Kuşkusuz biliyorsunuz. Çünkü Engelsiz Vizyon Belgesinde, katılım ilkesine yer vermiştiniz. Buna rağmen, engellileri, ailelerini ve engellilik alanından faaliyet yürüten STK’ları sürece dahil etmeden, engelliliği bildiği farz edilen bürokratlarla kararlar aldınız.

  1. Sn. Mehmet ŞİMŞEK, ekonomik kriz, engellilere sağlanmış haklar nedeniyle derinleşmemiştir. Krizden çıkış reçetesinde, engellilerin ve ailelerinin haklarını kısıtlamayı ya da kaldırmayı düşünmekle; Sosyal Devlet ilkelerini yok saymaktasınız.
  2. ÖTV’den bağışık araç alma hakkını sınırlandıran girişim, zaman zaman Hükümet çevrelerince bu hakkın kötüye kullanılmasına dayandırılmakta ve haklı gösterilmeye çalışılmaktadır. Oysa dünyada kötüye kullanılma olasılığı olmayan hiçbir hak yoktur. Bu hakların kötüye kullanılmasını önleme yükümlülüğü yine Devlete aittir.

Mevzuatta yer aldığı gibi ÖTV istisnalı alınan araçların engellilerin yararına kullanılmadığı tespit edildiğinde; ÖTV tahsil edilebilmektedir. Araç takip sistemi geliştirerek engelli kişinin yararına kullanılmayan araçların tespitinin yapılması ve kötüye kullanım halinde caydırıcı nitelikte cezaların getirilmesi mümkündür. Verilmiş hakları kısıtlamak ya da kaldırmak yerine, mevcut mevzuatı uygulayarak gerçek anlamda “kayıp” olan vergileri tahsil edebilir ve Devletin gelirini artırabilirsiniz.

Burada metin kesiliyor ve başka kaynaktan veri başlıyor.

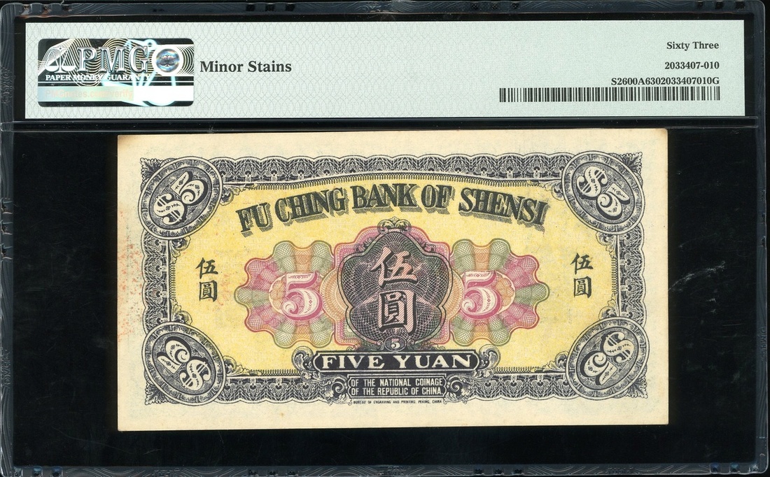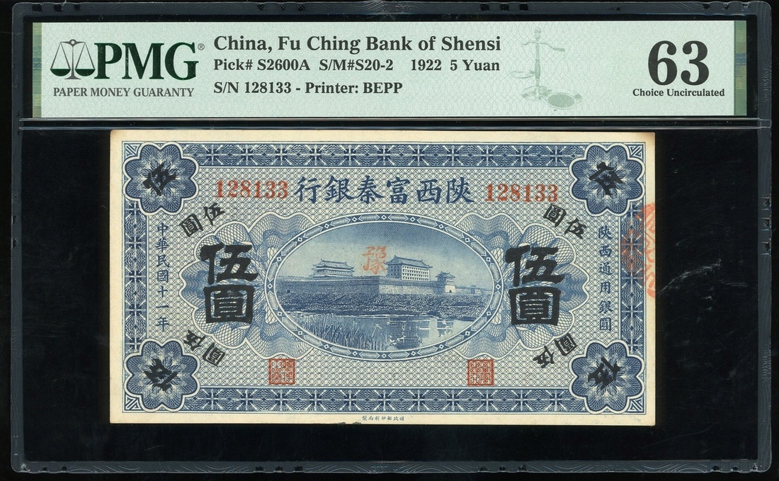 Fu Ching Bank of Shensi, 5 Yuan, 1922, serial number 128133, (Pick S2600A), PMG 63 Choice Uncirculated (Minor Stains).

  1. Sn. Mahinur ÖZDEMİR GÖKTAŞ; ÖTV istisnasının, Mevzuat Önerileri metninde “kayıp” olarak yazılması, istisnanın, vergide adaletsiz bir uygulama olarak gösterilmesi ve bizim olmadığımız bir ortamda hakkımızda konuşulmuş olması sizi rahatsız etmedi mi? Sözleşme’nin uygulanmasına yönelik Engelli Hakları Komitesine yazacağınız Türkiye Ülke Raporunda, tam da bugünleri ve aldığınız kararları nasıl yazmayı düşünüyorsunuz?

Bayram öncesinden beri bu önerilerin konuşuluyor olması karşısında, sizin suskun kalmanız düşündürücüdür ve engellilerin haklarını savunan bir Bakan olmadığınız konusundaki kuşkularımızı artırmaktadır.

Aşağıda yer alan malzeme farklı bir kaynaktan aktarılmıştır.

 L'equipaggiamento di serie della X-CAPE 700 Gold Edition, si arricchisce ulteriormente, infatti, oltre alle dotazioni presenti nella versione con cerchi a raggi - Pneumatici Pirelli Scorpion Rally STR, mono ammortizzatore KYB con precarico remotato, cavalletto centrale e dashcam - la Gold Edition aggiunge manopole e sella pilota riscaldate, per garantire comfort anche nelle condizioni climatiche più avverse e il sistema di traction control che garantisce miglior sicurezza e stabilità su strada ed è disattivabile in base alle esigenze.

Son olarak Cumhurbaşkanımıza ve AK PARTİ yöneticilerine sesleniyoruz;

Sn. ŞİMŞEK’in, taraf olduğumuz sözleşmelere ve Anayasa’ya uygun hareket etmesini ve söz konusu yasal düzenleme tekliflerinin, önerilerden çıkartılmasını sağlamanızı bekliyoruz.

Yukarıdaki taleplerimiz dikkate alınmadan Yasa değişikliği gerçekleşirse; engelliler ve aileleri olarak gasp edilen haklarımızı sizlere helal etmeyeceğimizi ve kazanılmış haklarımızı vermemek için Sözleşme’den doğan gücümüzle, kararlıkla mücadeleye devam edeceğimizi bildiririz.